Ramos J G, Caicedo J I, Cataño J G, Villarraga L G, Trujillo C G, Robledo D, Plata M
Unidad de Urología, Hospital Universitario San Ignacio, Pontificia Universidad Javeriana, Bogotá D.C., Colombia.
Departamento de Urología, Hospital Universitario de la Fundación Santa Fe de Bogotá y Facultad de Medicina de la Universidad de los Andes, Bogotá D.C., Colombia.
Actas Urol Esp. 2016 Sep;40(7):446-52. doi: 10.1016/j.acuro.2016.02.002. Epub 2016 Mar 16.
To determine the frequency of lymph node involvement in patients with clinically localised prostate adenocarcinoma who had radical prostatectomy and extended pelvic lymphadenectomy.

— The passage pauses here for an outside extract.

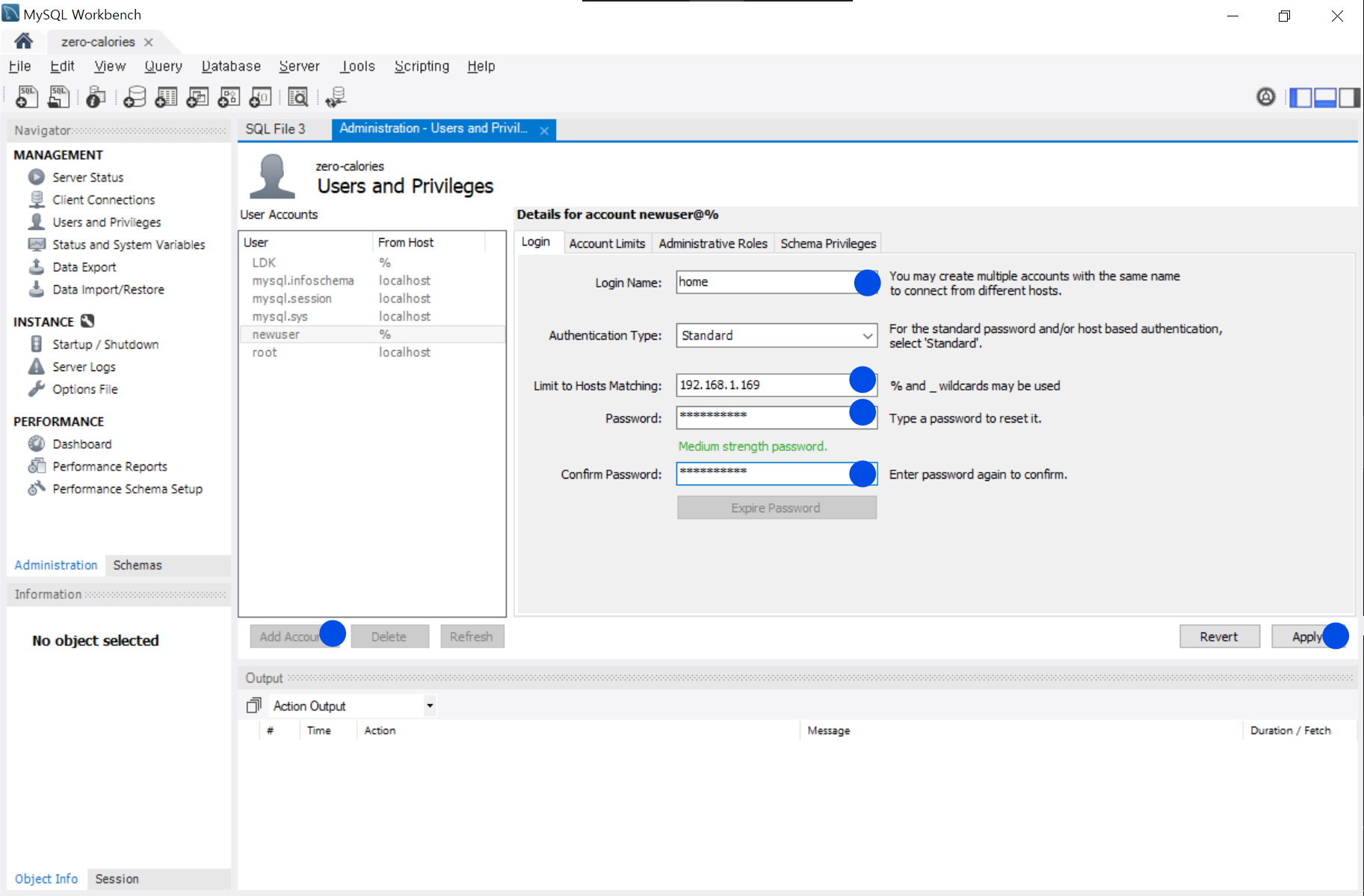 Add Account 클릭 > Login Name, Limit to Hosts Matching, password, Confirm Password 입력 > Apply

A prospective observational study was conducted on 137 patients with clinically localised prostate cancer of low, intermediate or high risk according to the D'Amico classification. All participants underwent radical prostatectomy plus extended pelvic lymphadenectomy in 3 reference centres in Bogota, Colombia, between 2013 and 2014. The following variables were assessed: age, prostate specific antigen levels, Gleason score of the biopsy, probability of lymph node involvement calculated with Partin tables and the histopathology result of the surgical specimen, with the definitive Gleason pattern and the total number of resected and involved lymph nodes per tumour, according to the territory of the dissection.

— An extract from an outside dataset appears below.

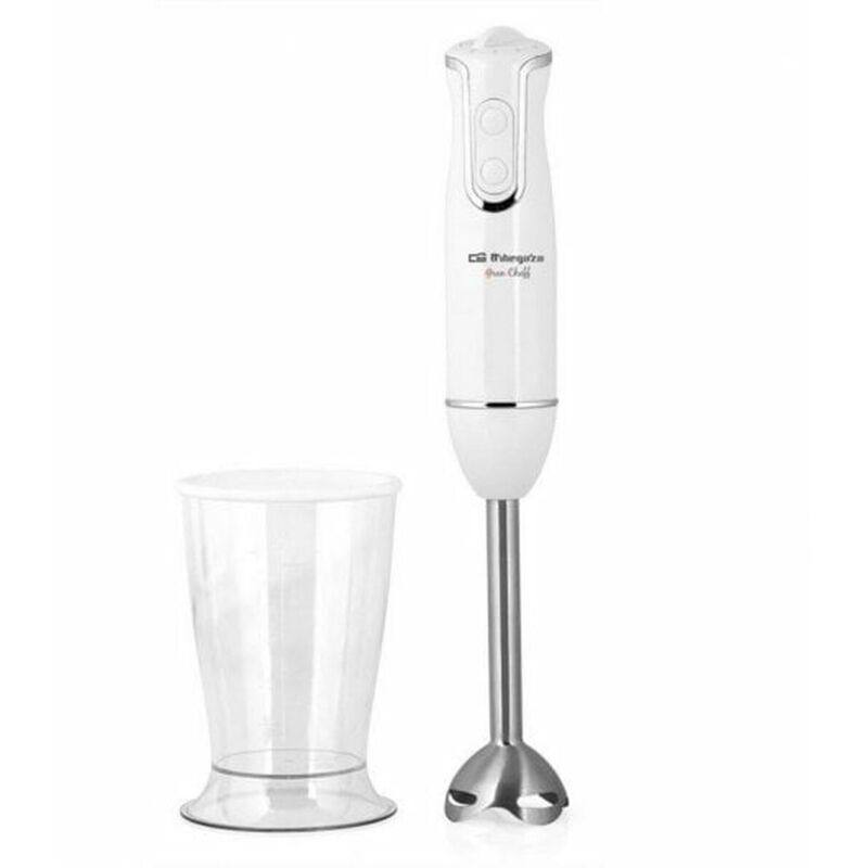 Frullatore a mano. Impugnatura ergonomica . Interruttore soft touch . Selettore di velocità . Due pulsanti . 2 velocità . Anello per appendere . Lama in acciaio inossidabile. Braccio staccabile in acciaio inossidabile . Tazza di miscelazione e misurazione 600 ml. Potenza 800W. 230 V. 50Hz.

A total of 2,876 lymph nodes were extracted (an average of 20.99 lymph nodes per patient). There was lymph node involvement in 14 (10.22%) patients. The high-risk and intermediate-risk group presented lymph node metastases in 28.57% and 5.25%, respectively. There was no lymph node involvement in the low-risk group. Of the patients at risk of lymph node involvement (≥2% according to the Partin tables), 19.40% had lymph node metastases.
Lymph node involvement in our population is similar to that reported in the worldwide literature. Extended pelvic lymphadenectomy increased the probability of detecting lymph node metastases in our community.
确定接受根治性前列腺切除术和扩大盆腔淋巴结清扫术的临床局限性前列腺腺癌患者的淋巴结受累频率。
对137例根据达米科分类法属于低、中或高风险的临床局限性前列腺癌患者进行了一项前瞻性观察研究。2013年至2014年期间,所有参与者在哥伦比亚波哥大的3个参考中心接受了根治性前列腺切除术加扩大盆腔淋巴结清扫术。评估了以下变量:年龄、前列腺特异性抗原水平、活检的Gleason评分、用Partin表计算的淋巴结受累概率以及手术标本的组织病理学结果,包括最终的Gleason模式以及根据清扫区域每个肿瘤切除和受累淋巴结的总数。
共提取了2876个淋巴结(平均每位患者20.99个淋巴结)。14例(10.22%)患者有淋巴结受累。高风险组和中风险组的淋巴结转移率分别为28.57%和5.25%。低风险组无淋巴结受累。在有淋巴结受累风险的患者中(根据Partin表≥2%),19.40%有淋巴结转移。
我们研究人群中的淋巴结受累情况与全球文献报道的相似。扩大盆腔淋巴结清扫术增加了在我们社区检测到淋巴结转移的概率。